[[ Available data, beginning ]]
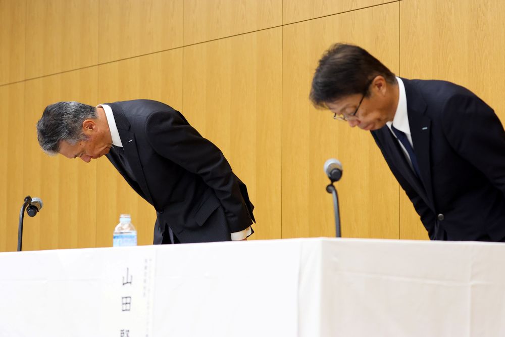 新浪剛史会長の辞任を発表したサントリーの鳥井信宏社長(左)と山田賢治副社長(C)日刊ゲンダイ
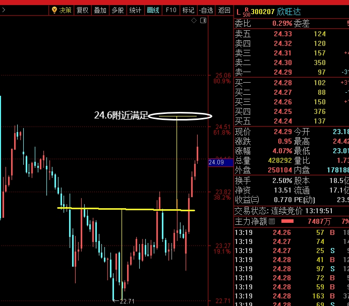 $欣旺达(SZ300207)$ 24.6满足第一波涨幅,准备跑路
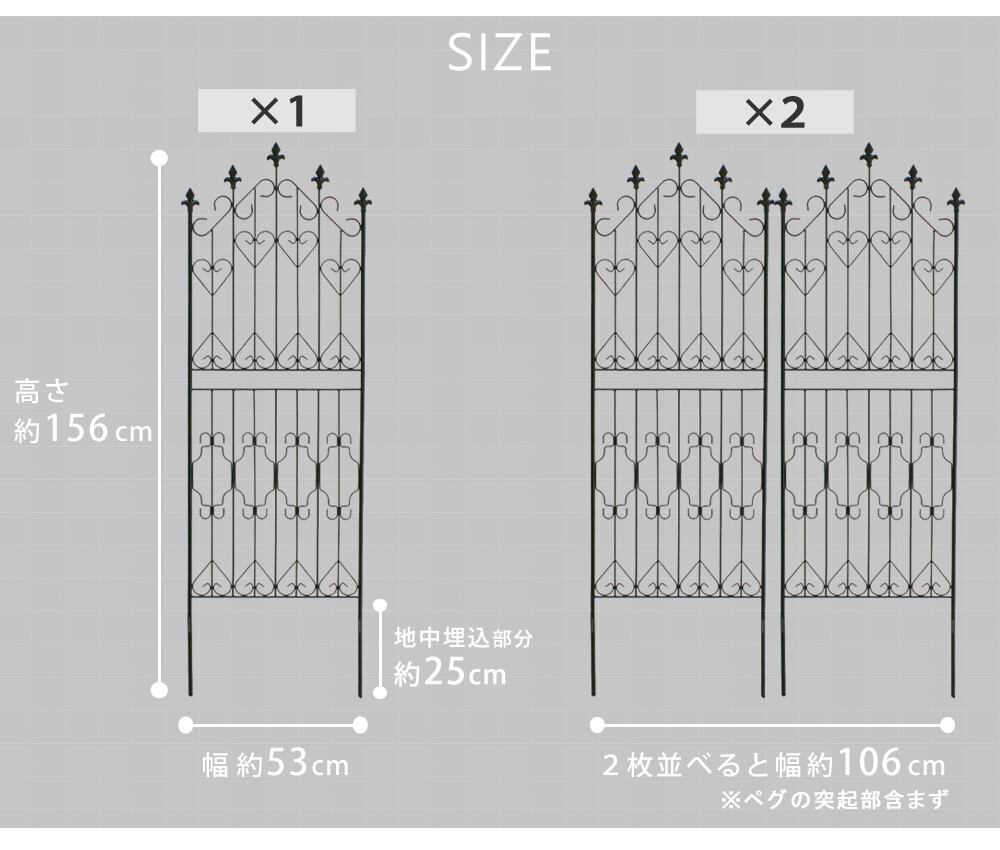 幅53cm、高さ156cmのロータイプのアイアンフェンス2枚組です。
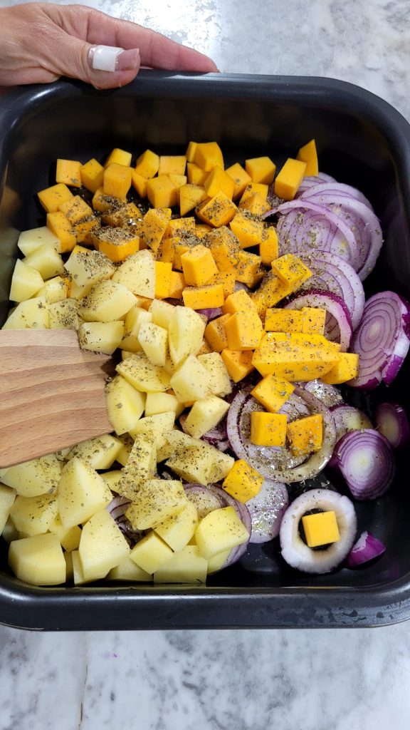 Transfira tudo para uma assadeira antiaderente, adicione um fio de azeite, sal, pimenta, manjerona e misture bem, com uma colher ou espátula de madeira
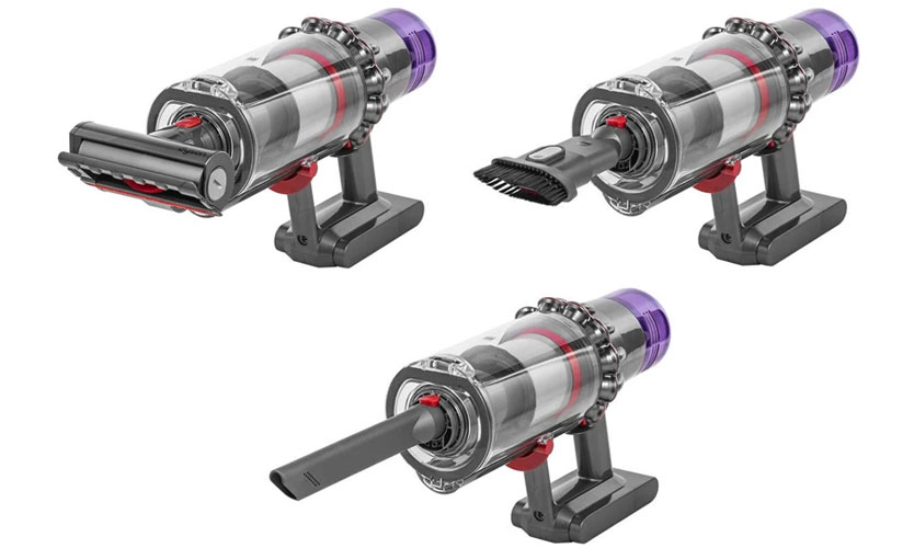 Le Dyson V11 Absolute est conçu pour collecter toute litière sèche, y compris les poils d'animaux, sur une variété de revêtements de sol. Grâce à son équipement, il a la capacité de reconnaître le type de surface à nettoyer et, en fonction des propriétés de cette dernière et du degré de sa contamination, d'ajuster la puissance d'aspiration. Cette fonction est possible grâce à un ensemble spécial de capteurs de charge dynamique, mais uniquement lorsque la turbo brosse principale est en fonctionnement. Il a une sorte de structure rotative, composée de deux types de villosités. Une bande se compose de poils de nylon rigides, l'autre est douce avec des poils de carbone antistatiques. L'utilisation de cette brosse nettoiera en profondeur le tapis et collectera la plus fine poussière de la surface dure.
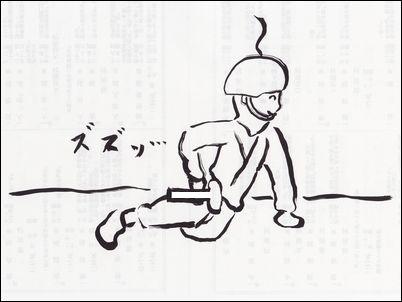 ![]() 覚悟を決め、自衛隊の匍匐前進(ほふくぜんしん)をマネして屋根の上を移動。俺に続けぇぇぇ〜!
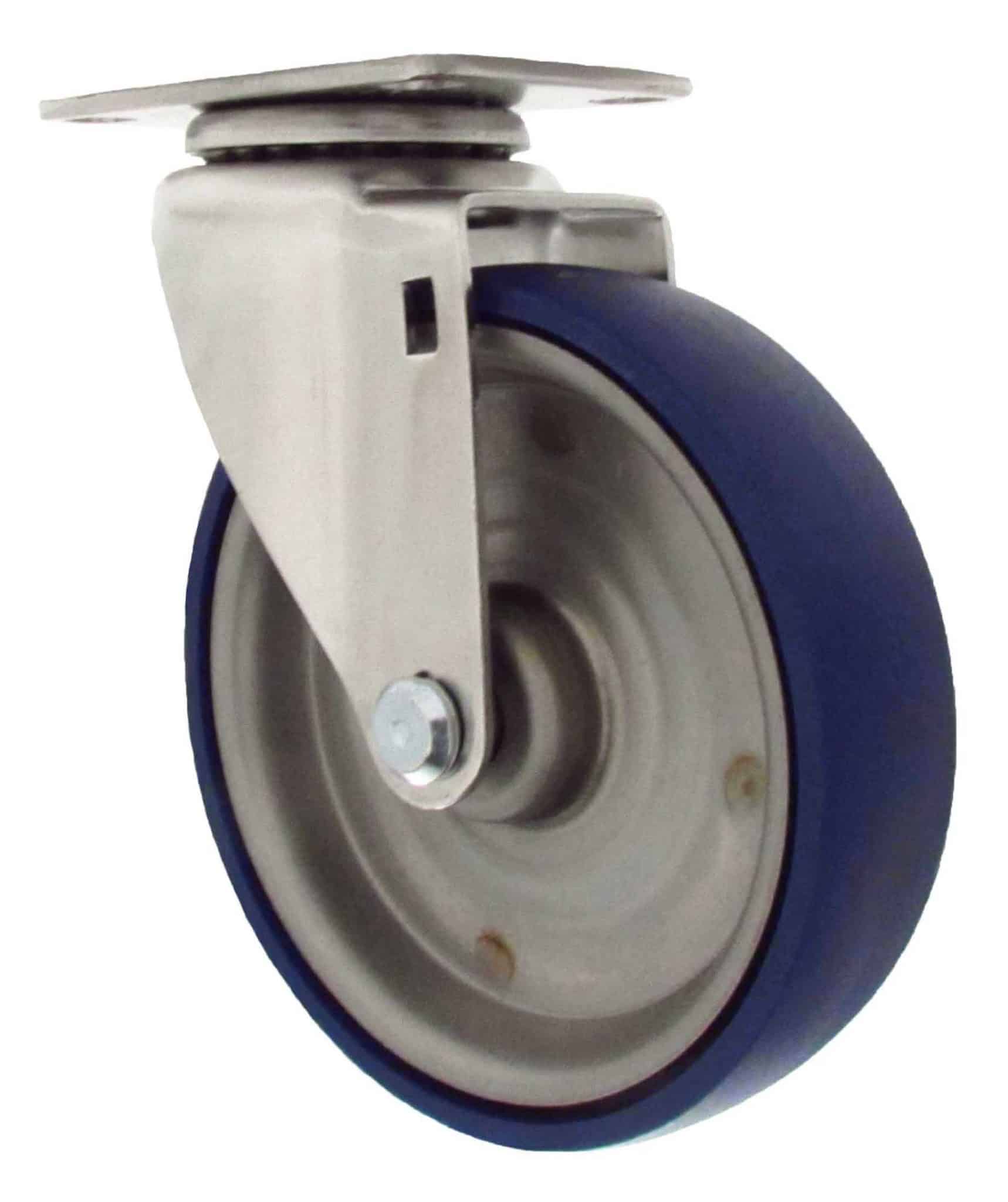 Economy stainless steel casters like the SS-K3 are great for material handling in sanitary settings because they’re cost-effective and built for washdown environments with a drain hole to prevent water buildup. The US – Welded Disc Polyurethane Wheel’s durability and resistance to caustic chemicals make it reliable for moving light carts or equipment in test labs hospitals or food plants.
[[ Available data, end ]]
» **What you need to do**:
Retype, word for word, the lines from the one with "Le Dyson V11" through the last line of the entries above, and only those lines. Leave pictures out.

» **Output for this task**:
 Le Dyson V11 Absolute est conçu pour collecter toute litière sèche, y compris les poils d'animaux, sur une variété de revêtements de sol. Grâce à son équipement, il a la capacité de reconnaître le type de surface à nettoyer et, en fonction des propriétés de cette dernière et du degré de sa contamination, d'ajuster la puissance d'aspiration. Cette fonction est possible grâce à un ensemble spécial de capteurs de charge dynamique, mais uniquement lorsque la turbo brosse principale est en fonctionnement. Il a une sorte de structure rotative, composée de deux types de villosités. Une bande se compose de poils de nylon rigides, l'autre est douce avec des poils de carbone antistatiques. L'utilisation de cette brosse nettoiera en profondeur le tapis et collectera la plus fine poussière de la surface dure.
 ![]() 覚悟を決め、自衛隊の匍匐前進(ほふくぜんしん)をマネして屋根の上を移動。俺に続けぇぇぇ〜!
 Economy stainless steel casters like the SS-K3 are great for material handling in sanitary settings because they’re cost-effective and built for washdown environments with a drain hole to prevent water buildup. The US – Welded Disc Polyurethane Wheel’s durability and resistance to caustic chemicals make it reliable for moving light carts or equipment in test labs hospitals or food plants.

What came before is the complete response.